Another study looked at the impact of consuming at least 500 mg of vitamin C daily on heart disease risk factors such as blood cholesterol and triglyceride levels.

The study discovered that taking a vitamin C supplement lowered LDL (bad) cholesterol by 7.9 mg/dL and blood triglycerides by 20.1 mg/dL.

In short, taking or drinking at least 500 mg of vitamin C daily lowers the risk of heart disease. Supplements may not give further heart health advantages if you currently consume a vitamin-C-rich diet.

4. It may lower the levels of uric acid in the blood and assist in preventing gout attacks.

A gout is a form of arthritis that affects around 4% of adult Americans.

It’s very painful and involves inflammation of the joints, particularly the big toes. Gout causes swelling as well as abrupt, intense pain episodes.

When there is an excess of uric acid in the blood, gout symptoms emerge. Uric acid is created by the body as a waste substance. When it builds up in high amounts, it can form crystals and gather in the joints.

Interestingly, multiple studies have indicated that vitamin C may help lower uric acid levels in the blood and protect against gout attacks.

Uric acid is created by the body as a waste substance. When it builds up in high amounts, it can form crystals and gather in the joints.

Another research tracked 46,994 healthy males for 20 years to see if vitamin C consumption was associated with the development of gout. It was discovered that persons who took a vitamin C supplement had a 44% decreased incidence of gout.

Furthermore, a meta-analysis of 13 research discovered that taking a vitamin C supplement for 30 days lowered blood uric acid substantially more than a placebo.

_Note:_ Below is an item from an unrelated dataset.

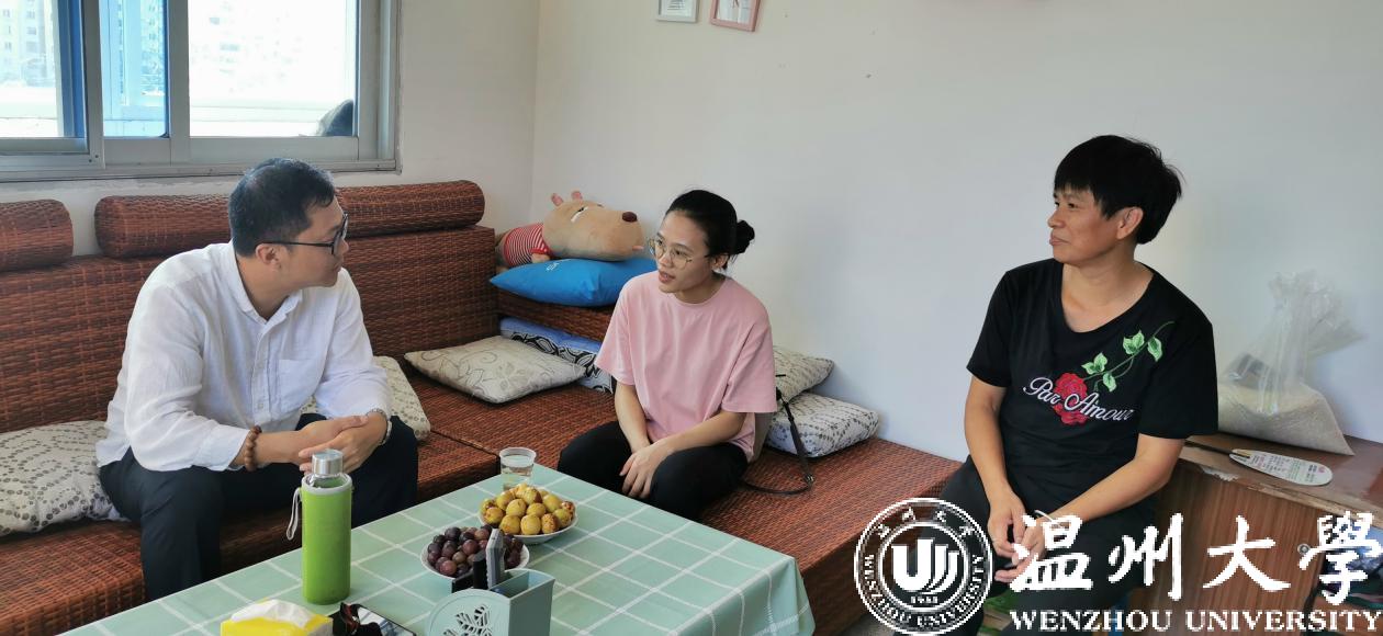 为进一步构建家校合力机制,完善资助育人体系,响应学校“百名教授访百家”的活动号召,黄色视频 在暑假期间精心组织了家访工作。8月11日,黄色视频 党委副书记杨振海、辅导员谢亭立冒着酷暑前往青田、丽水等地走访了学生家庭。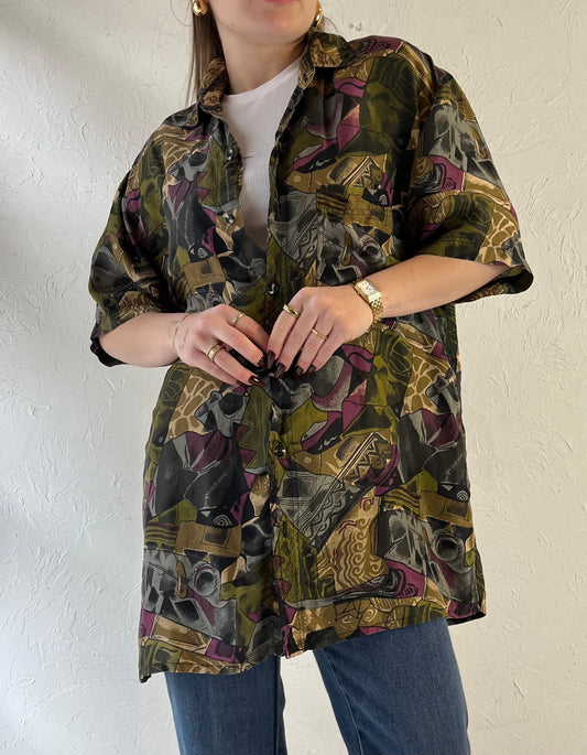 90s ‘Setosa’ Oversized Patterned Silk Blouse / Small

While there appears to be a substantial relationship between vitamin C intake and uric acid levels, additional research on vitamin C’s impact on gout is required.

5. Helps prevent iron deficiency

Iron is a vital nutrient with several activities in the body. It is required for the formation of red blood cells as well as the delivery of oxygen throughout the body.

Vitamin C supplements can assist in enhancing iron absorption from food. Vitamin C aids in the conversion of iron that is poorly absorbed, such as plant-based iron sources, into a more absorbable form.

This is especially beneficial for vegetarians, as meat is a good source of iron.

Just 100 mg of vitamin C can boost iron absorption by 67%.

As a result, vitamin C may aid in lowering the risk of anemia in patients who are iron deficient.

A vitamin C supplement was provided to 65 children with moderate iron deficient anemia in one trial. The supplement alone helped regulate their anemia, according to the researchers.

Increasing your vitamin C-rich foods or taking a vitamin C supplement may help if you have low iron levels.